The system was psychological and physical at the same time. The slaves were taught discipline, were impressed again and again with the idea of their own inferiority to “know their place,” to see blackness as a sign of subordination, to be awed by the power of the master, to merge their interest with the master’s, destroying their own individual needs. To accomplish this there was the discipline of hard labor, the breakup of the slave family, the lulling effects of religion (which sometimes led to “great mischief,” as one slaveholder reported), the creation of disunity among slaves by separating them into field slaves and more privileged house slaves, and finally the power of law and the immediate power of the overseer to invoke whipping, burning, mutilation, and death.

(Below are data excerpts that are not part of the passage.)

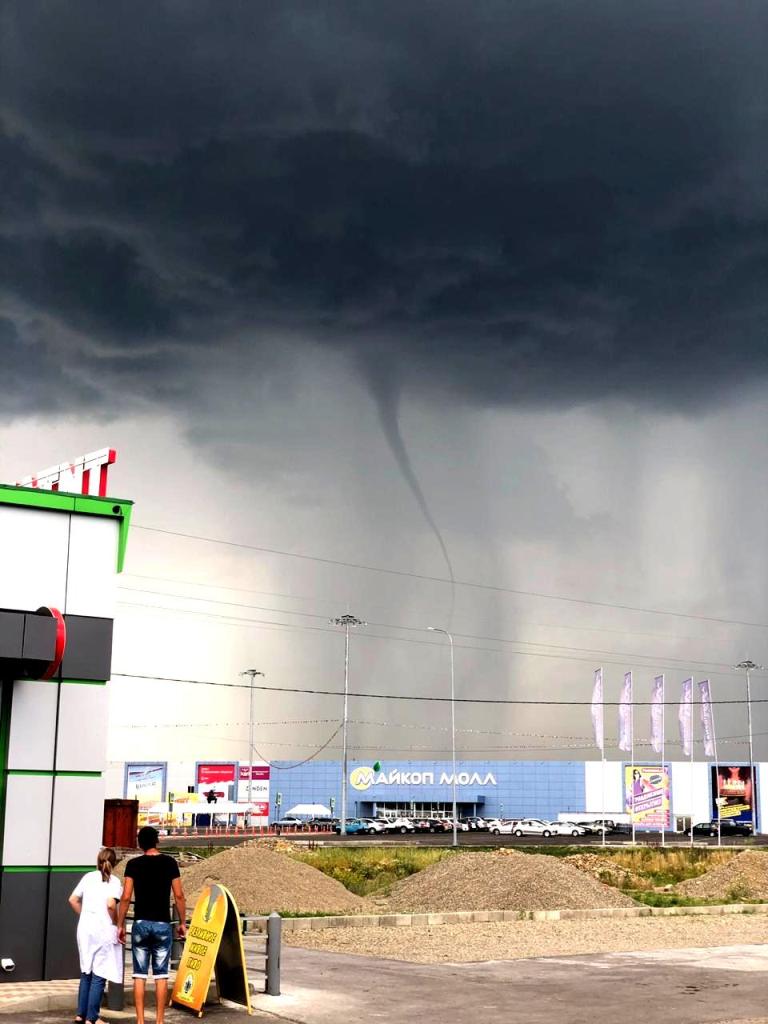 В воскресенье в Майкопе и его окрестностях прошел сильный дождь с грозой, градом и шквальным ветром, А на северо-западной окраине Майкопа очевидцы засняли смерч, довольно редкое для нашей местности явление природы.
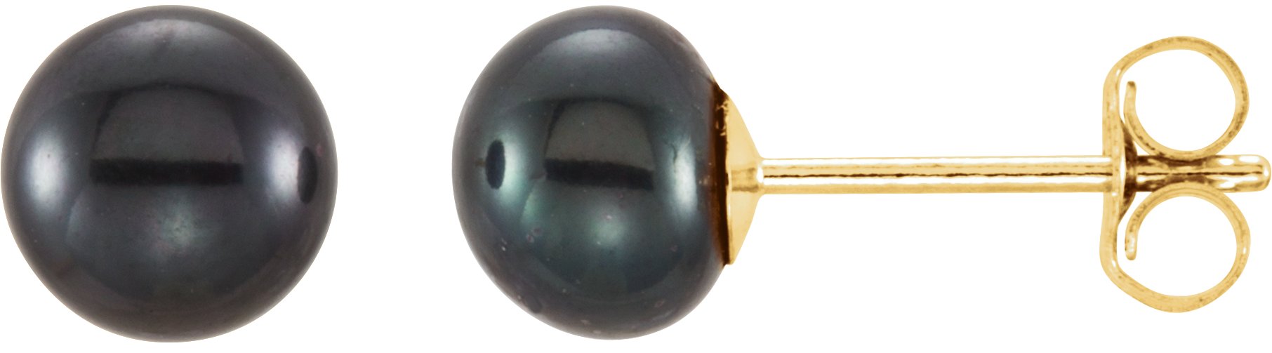 14K Yellow 5 6 mm Black Freshwater Cultured Pearl Earrings
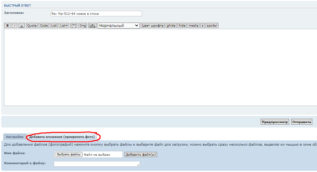 Внизу кнопочка есть. Если не получится, то могу помочь залить фотки.
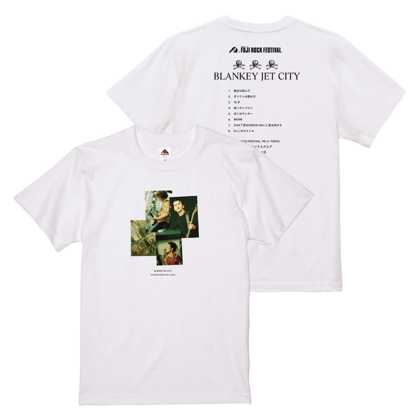 後の伝説としてそのステージを目撃した人たちの語りぐさとなったフジロック’98のステージがプリントされたブランキー・ジェット・シティ、ミッシェル・ガン・エレファントとのスペシャルコラボTシャツが発売されます。
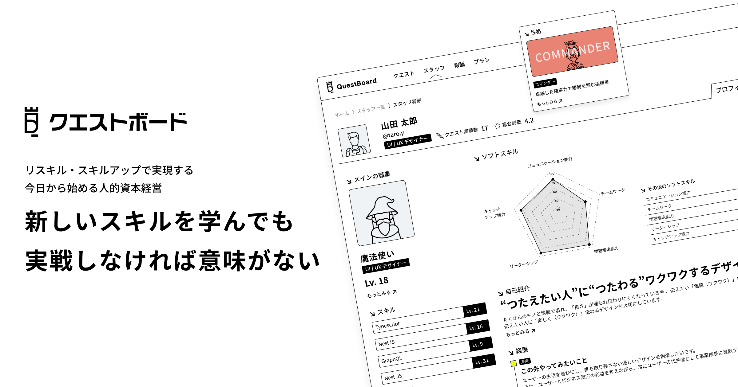 株式会社QuestBoard(東京都中央区:代表取締役 濱田 淳、以下「当社」)は、 2024年8月1日、リスキル・スキルアップで人的資本経営を実現する「クエストボード」のサービスデザインを刷新したα版Ver2を公開いたします。
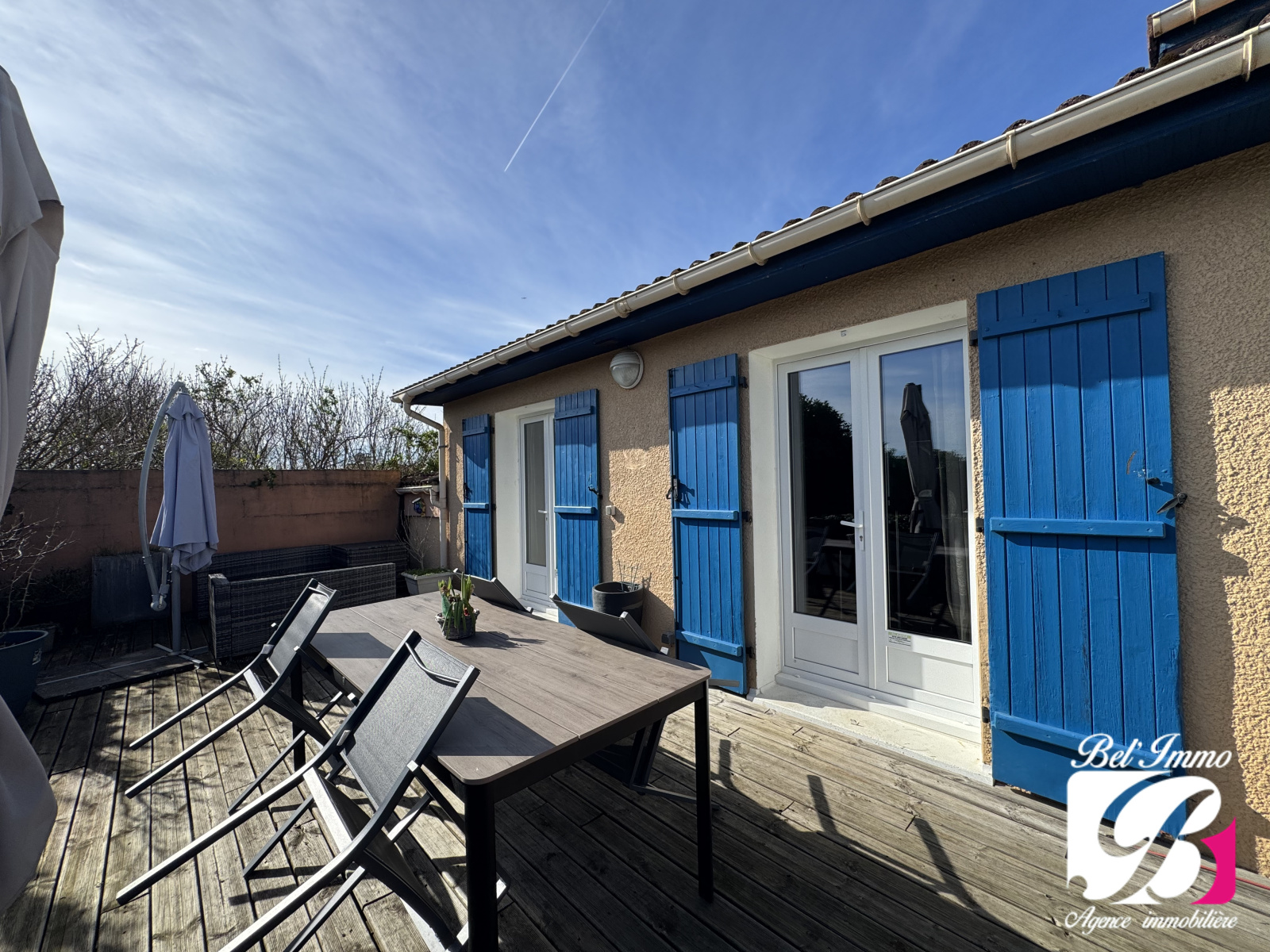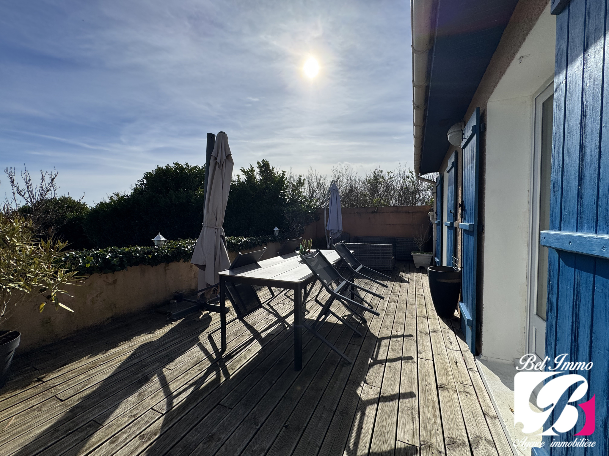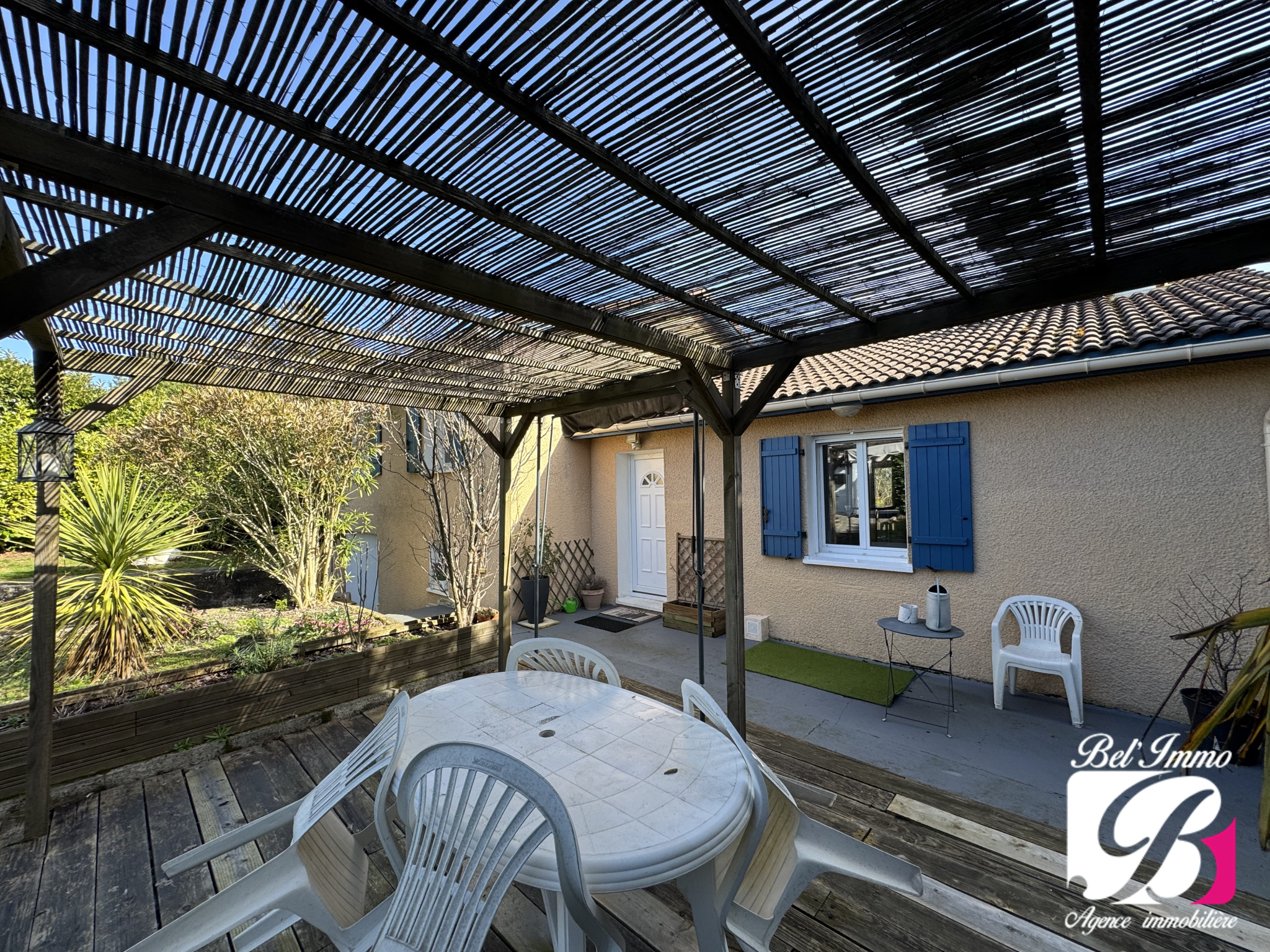 Elle est implantée sur une belle parcelle de 1060 m², entièrement close, avec 2 terrasses et une piscine hors-sol.
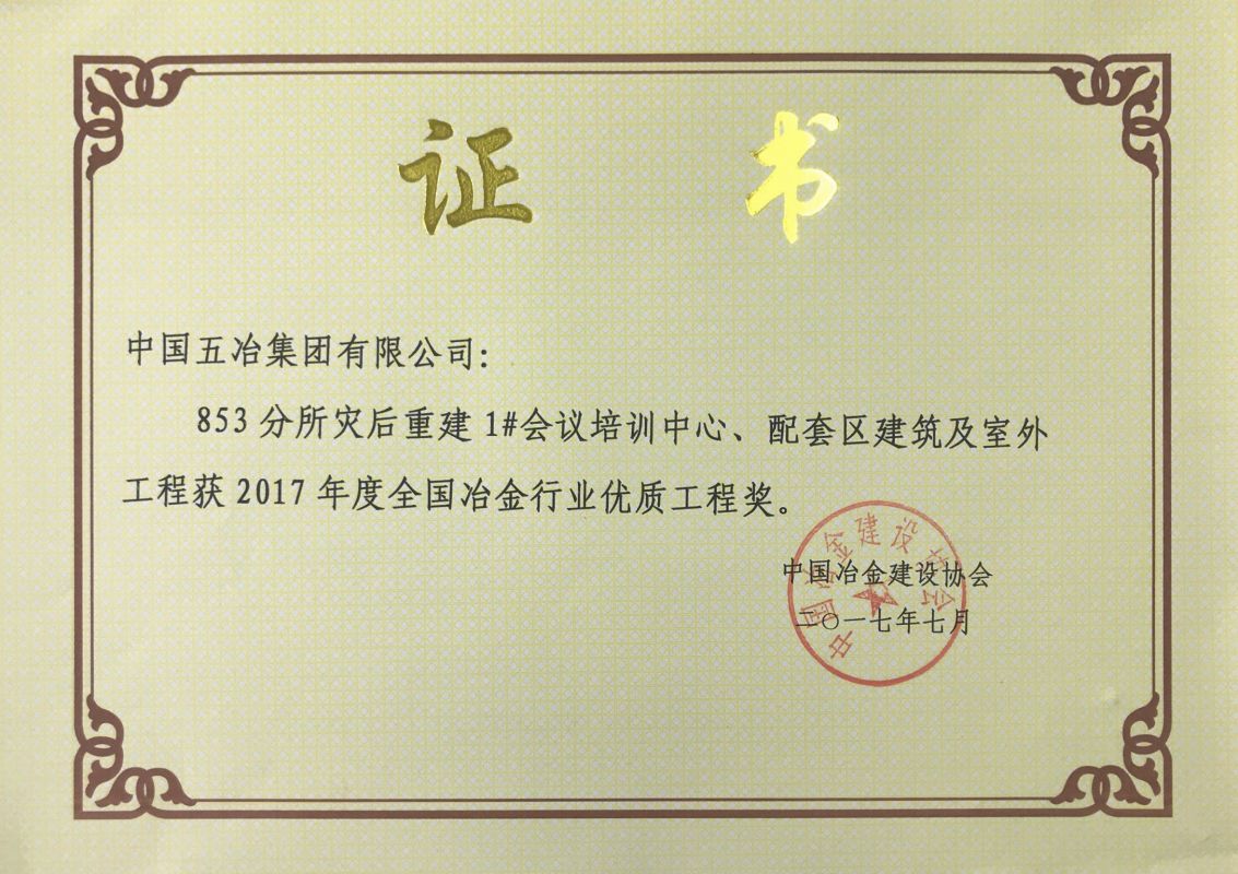 853分所災后重建1#會議培訓中心、配套區建筑及室外工程-2017年度全國冶金行業優質工程

Dismemberment was provided for in the Virginia Code of 1705. Maryland passed a law in 1723 providing for cutting off the ears of blacks who struck whites, and that for certain serious crimes, slaves should be hanged and the body quartered and exposed.
Howard Zinn 1619-1741: Slavery and slave rebellion in the US] Pasted from http://libcom.org/history/1619-1741-slavery-slave-rebellion-us (Accessed 2/9/2014)
[iii] Stampp Kenneth M., The Peculiar Institution, Slavery in the Ante-Bellum South, (Vintage, New Your, 1956) 156
[iv] Virginia’s Act III: Baptism Does Not Exempt Slaves from Bondage
(1667) Commentary by MaryLou Walsh, College of Saint Rose
In 1667 in Jamestown, Virginia, the House of Burgesses approved a statute, Act III: Baptism Does Not Exempt Slaves from Bondage, that answered the following query: Does the conferring of the Christian sacrament of baptism in any way change the legal status of a slave? The legislators ruled that baptism did not alter a slave’s legal status. Their decision, when added to certain previous rulings made concerning the colony’s enslaved blacks, revealed a distinct pattern of behavior. Virginia’s House of Burgesses slowly, over a period of years, crafted a legal system that identified enslaved blacks and their descendants as a permanent source of cheap labor. Through that process, British colonials sowed the seeds of institutionalized slavery based on race, a system that survived in the Chesapeake region for more than two centuries.
[vi] Gal 3.28 does not obliterate culture just as it did not eliminate slavery or male and female roles. The point is that there is equal spiritual opportunity and spiritual privilege in Christ.